Of all the entries below, retype only the lines from the one with "정수기, 공기청정기, 냉장고, TV, 에어컨까지" through the one with "Left Front Of", exactly as they appear.

* [Stored data]
=====

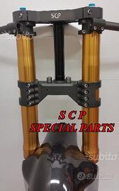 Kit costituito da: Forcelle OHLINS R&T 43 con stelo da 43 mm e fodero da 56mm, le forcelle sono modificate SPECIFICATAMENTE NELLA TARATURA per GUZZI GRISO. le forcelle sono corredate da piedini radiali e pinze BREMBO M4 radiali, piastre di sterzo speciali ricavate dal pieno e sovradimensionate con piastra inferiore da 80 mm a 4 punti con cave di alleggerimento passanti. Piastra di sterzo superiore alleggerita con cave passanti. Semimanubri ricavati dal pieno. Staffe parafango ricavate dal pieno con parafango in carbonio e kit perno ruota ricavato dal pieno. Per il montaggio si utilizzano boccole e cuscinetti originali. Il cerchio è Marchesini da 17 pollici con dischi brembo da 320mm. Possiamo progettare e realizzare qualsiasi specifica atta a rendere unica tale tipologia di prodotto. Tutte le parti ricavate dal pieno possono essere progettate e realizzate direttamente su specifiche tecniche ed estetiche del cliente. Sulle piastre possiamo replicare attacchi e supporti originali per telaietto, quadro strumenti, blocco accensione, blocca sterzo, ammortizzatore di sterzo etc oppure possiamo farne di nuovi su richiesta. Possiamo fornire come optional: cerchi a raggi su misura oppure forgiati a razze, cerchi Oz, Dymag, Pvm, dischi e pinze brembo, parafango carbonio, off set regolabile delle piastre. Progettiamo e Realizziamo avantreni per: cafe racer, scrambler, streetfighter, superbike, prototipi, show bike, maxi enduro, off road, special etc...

=====

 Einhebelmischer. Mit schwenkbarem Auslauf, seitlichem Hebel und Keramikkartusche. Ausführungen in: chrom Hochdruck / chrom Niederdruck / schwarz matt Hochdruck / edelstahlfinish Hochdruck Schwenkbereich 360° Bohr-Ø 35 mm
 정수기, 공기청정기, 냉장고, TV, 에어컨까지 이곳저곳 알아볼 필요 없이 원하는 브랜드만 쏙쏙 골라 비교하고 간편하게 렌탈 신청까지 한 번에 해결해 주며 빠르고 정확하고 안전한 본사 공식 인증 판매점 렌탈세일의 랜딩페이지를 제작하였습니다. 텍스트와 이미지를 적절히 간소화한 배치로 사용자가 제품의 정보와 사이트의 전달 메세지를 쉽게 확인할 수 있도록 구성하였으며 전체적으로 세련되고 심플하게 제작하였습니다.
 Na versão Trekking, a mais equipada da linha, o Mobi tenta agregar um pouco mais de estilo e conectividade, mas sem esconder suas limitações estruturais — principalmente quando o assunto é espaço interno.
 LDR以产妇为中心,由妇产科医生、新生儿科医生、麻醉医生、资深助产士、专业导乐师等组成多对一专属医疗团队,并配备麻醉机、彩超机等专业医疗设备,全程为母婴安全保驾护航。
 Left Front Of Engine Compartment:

=====

* [Response to this task]
 정수기, 공기청정기, 냉장고, TV, 에어컨까지 이곳저곳 알아볼 필요 없이 원하는 브랜드만 쏙쏙 골라 비교하고 간편하게 렌탈 신청까지 한 번에 해결해 주며 빠르고 정확하고 안전한 본사 공식 인증 판매점 렌탈세일의 랜딩페이지를 제작하였습니다. 텍스트와 이미지를 적절히 간소화한 배치로 사용자가 제품의 정보와 사이트의 전달 메세지를 쉽게 확인할 수 있도록 구성하였으며 전체적으로 세련되고 심플하게 제작하였습니다.
 Na versão Trekking, a mais equipada da linha, o Mobi tenta agregar um pouco mais de estilo e conectividade, mas sem esconder suas limitações estruturais — principalmente quando o assunto é espaço interno.
 LDR以产妇为中心,由妇产科医生、新生儿科医生、麻醉医生、资深助产士、专业导乐师等组成多对一专属医疗团队,并配备麻醉机、彩超机等专业医疗设备,全程为母婴安全保驾护航。
 Left Front Of Engine Compartment:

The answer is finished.